Искомую полноту христианского понимания свободы Зизиулас и находит у каппадокийских отцов, которые исходят не из свободы воли, но из ипостасного ее понимания, т. е. из изначального, в смысле эсхатологического, присутствия свободы человека (его инаковости) в свободе Бога. Последняя, в свою очередь, понимается не как свойство природы Бога, но как тропос (способ) его бытия, а именно, из инаковости и общения трех ипостасей в едином Боге. Нужно согласиться с о. Иоанном, что такая стратегия онтологизации свободы принципиально отличается от версии экзистенциальной философии, где свобода — это прежде всего выбор возможности, и в предельном случае абсурдной возможности небытия. В конечном счете, Зизиулас называет свободу тайной человеческого бытия, которая раскрывается в полноте только в свете Христовом, т. е. в горизонте мышления об инаковости в Боге и, соответственно, в непосредственном обращении к истине откровения.
Остановимся немного на философском аспекте проблемы. Тема выбора небытия занимает важное место в философской традиции, например, у Гегеля и Кьеркегора. Первый понимает добровольную смерть как реализацию абсолютного могущества свободы конечного существа, т. е. ее сущность; второй рассматривает самоотречение как опыт трансценденции мира и необходимое предварительное условие веры. Однако, я думаю, с современной точки зрения более интересным представляется развитие этой темы в контексте открытия бессознательного у теоретиков психоаналитической традиции.
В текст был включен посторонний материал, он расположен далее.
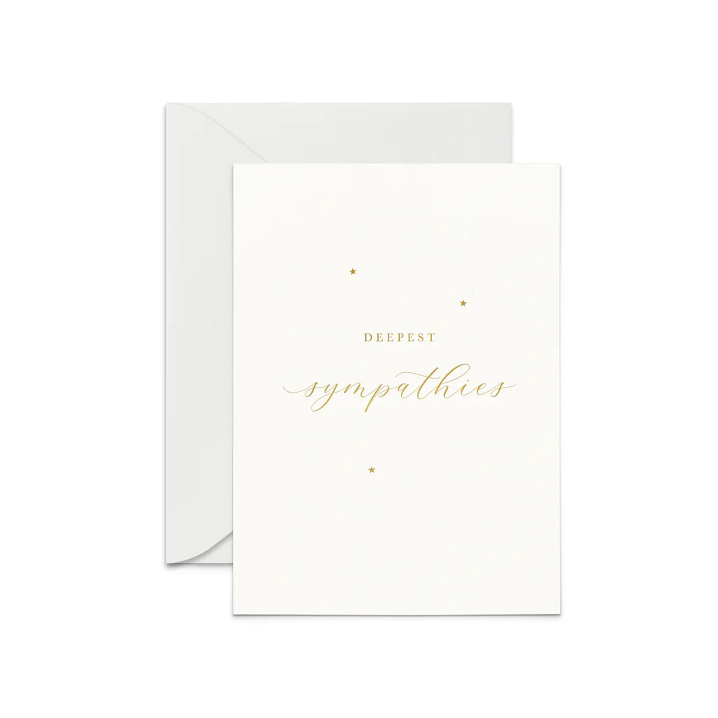 This Deepest Sympathies card is foil stamped on luxe heavyweight textured cardstock. Gold foil on white paper. Folded card with blank interior and envelope.
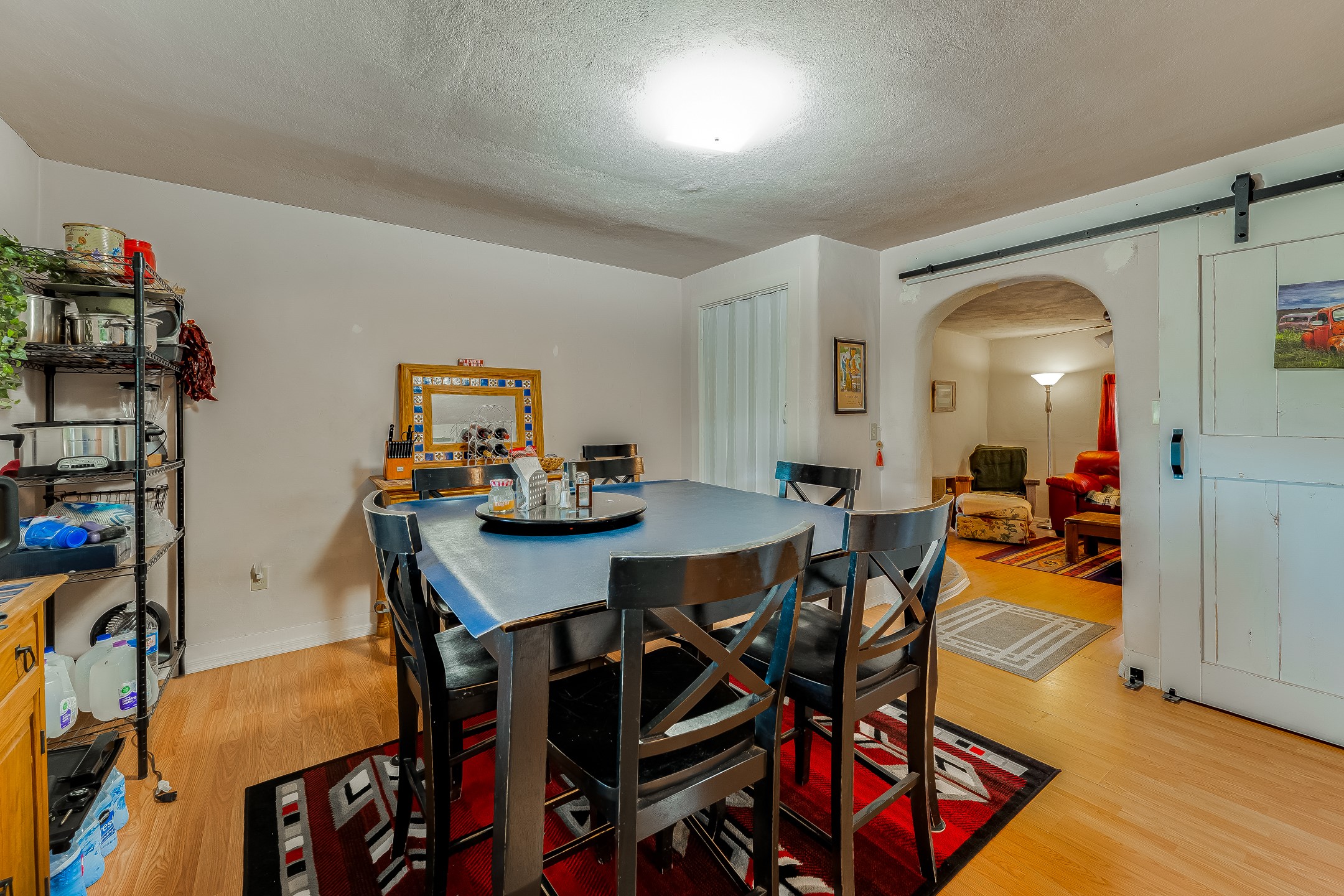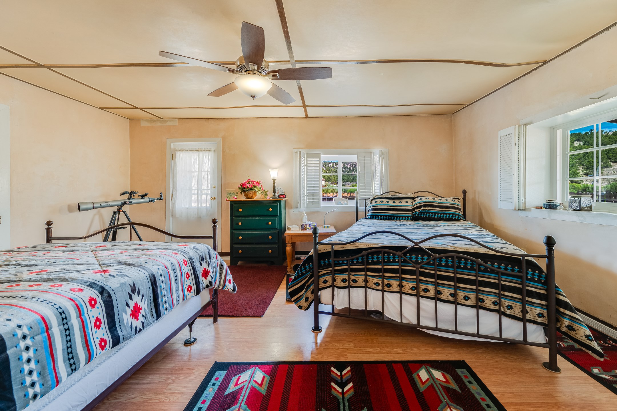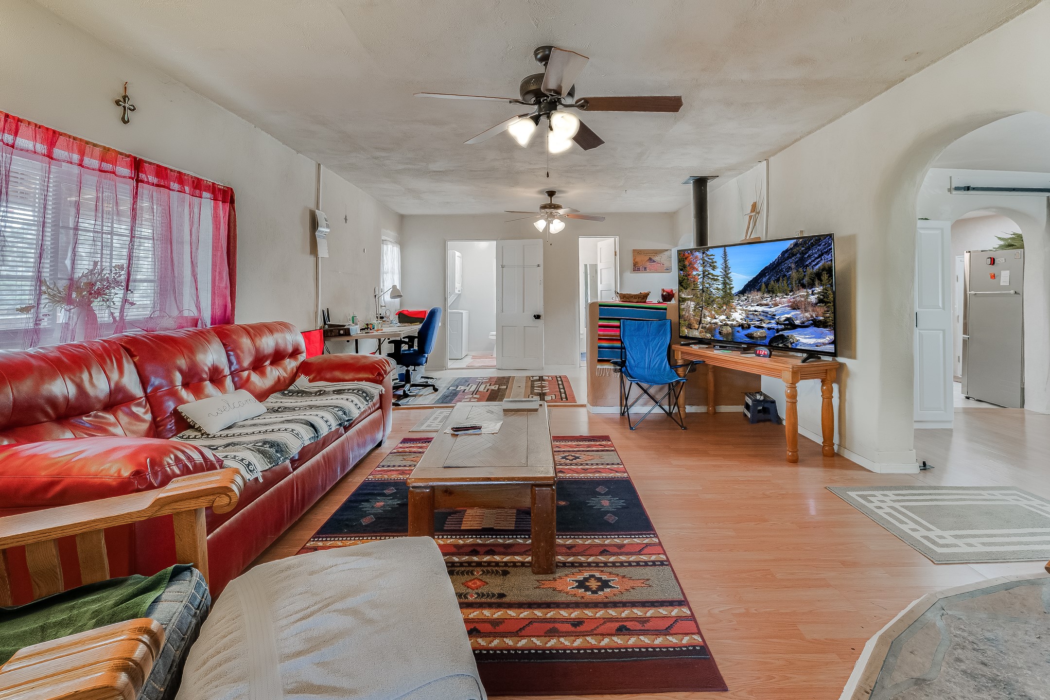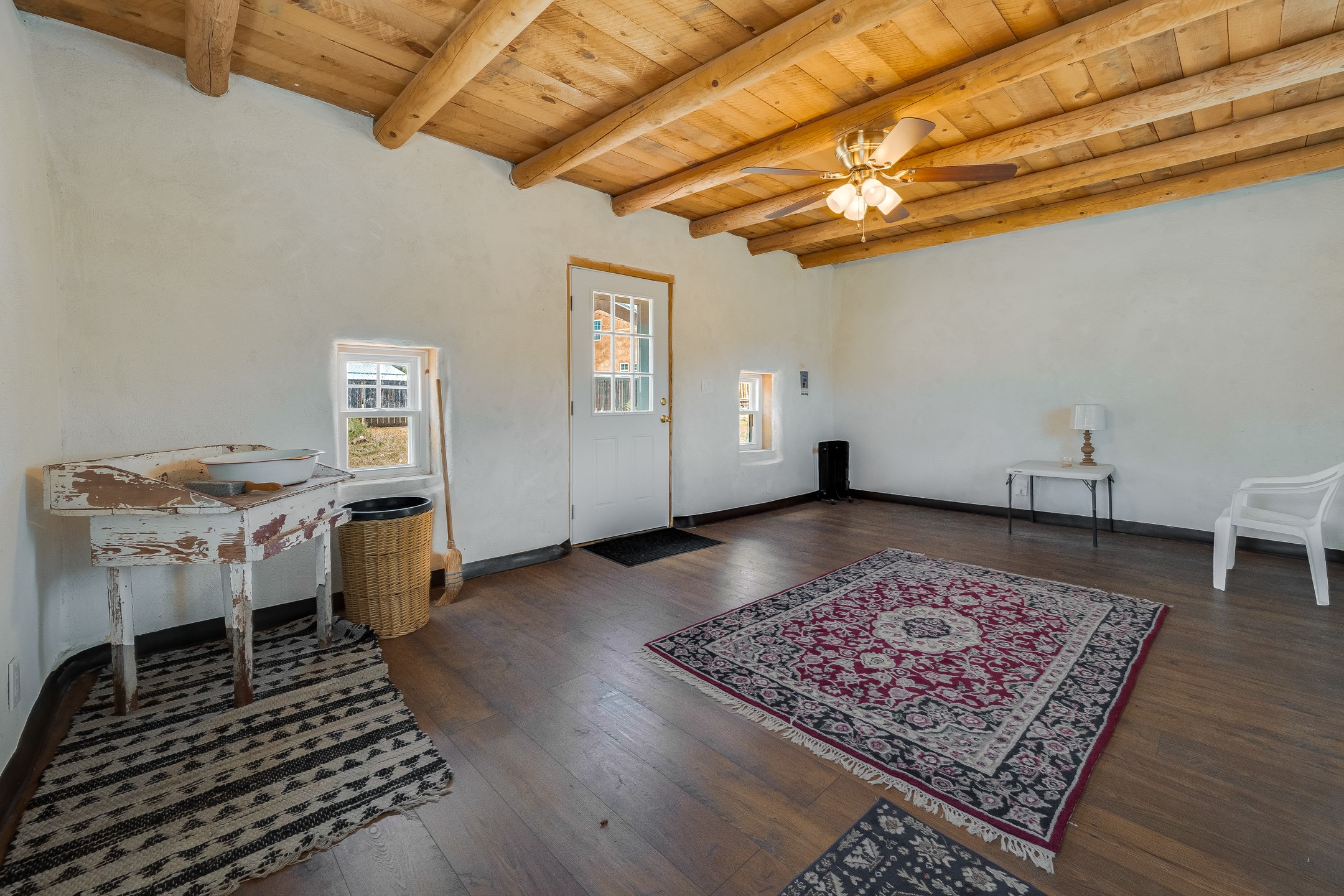 This sprawling ranch sits on 24 acres with an underground irrigation system throughout and the Tusas River winding through the estate. It consist of an 2600 Sq/Ft adobe (mud block) two-story main house built in the early 1940s. The thick, earthen walls, offers a unique and comforting warmth during the colder months and are cool during the hot summer days are also a glimpse into the rich historic past of New Mexico. Within a short walking distance from the main home, is the 320 Sq/Ft casita dating early circa 1830's. The allure of adobe-style home building, often referred to as Pueblo style, lies in its romantic visual appeal that resonates with many seeking a traditional Southwestern aesthetic. The influence of Moorish architecture on adobe homes is notable, reflecting centuries of cultural exchange between North Africa and Spain, which subsequently impacted the architectural landscape of New Mexico. This historical connection adds a layer of depth to the architectural heritage of the area. The property additionally features a 24'x28' two-car garage; a 36'x 40' workshop and a 36' x36' metal barn. Traditional farming in the area included harvesting alfalfa, vegetables and other farming, largely organic. The community of La Madera population is about 150 people, which offers a great deal of privacy. The mountains surrounding the property are a "high-elevation desert landscape" are characterized by dramatic mountains, broad valleys, high elevation, alkaline soil, and an abundance of diverse plant and animal life. Also offered is the potential of purchasing the farm equipment at a reduced rate. Property is ideal for horses, sheep, cattle, goats, pets and other livestock.

Так, Ж. Лакан показал, что бессознательное господство желания Другого в сфере субъективности не отменяет значимость свободы, но делает ее саморазрушительной для личного Я, которому не на что опереться в мире, где реальность принадлежит Другому (только с позиции Другого я могу спросить о собственном существовании) [см., например: Лакан 1997]. В центре проблемы здесь оказывается необходимость предварительно осмыслить понятие расширенного или децентрированного субъекта, включающего в себя Я и Другого, а уже потом говорить о смысле свободы.
Нетрудно заметить, что с проблемой расширенного субъекта еще раньше психоанализа столкнулась теория литературы. В рамках данной дисциплины получил признание тот факт, что в поэтике и в культуре в целом на рубеже XVIII–XIX вв. произошел важный перелом, открывший новый взгляд на человека как автономную личность, претендующую на уникальность и одновременно глубинным образом причастную Другому. М. Бахтин назвал это новое видение принципом «автономной причастности» [Бахтин 2003, 282]. Отметим, что теория литературы характеризует двуединого субъекта Я–Другой как неожиданное и не до конца понятное событие в истории языка, но точно так же представляет истину откровения современное богословие, например, Э. Юнгель [см.: Юнгель 2011] или К. Ванхузер [см.: Ванхузер 2007]. Обратим также внимание на структурное подобие двуединого субъекта и понятия Бога в христианском откровении, — и то и другое имеют инаковость как необходимое внутреннее отношение. Принципиальное отличие, однако, в том, что ипостасная инаковость Бога не является саморазрушительной для его свободы.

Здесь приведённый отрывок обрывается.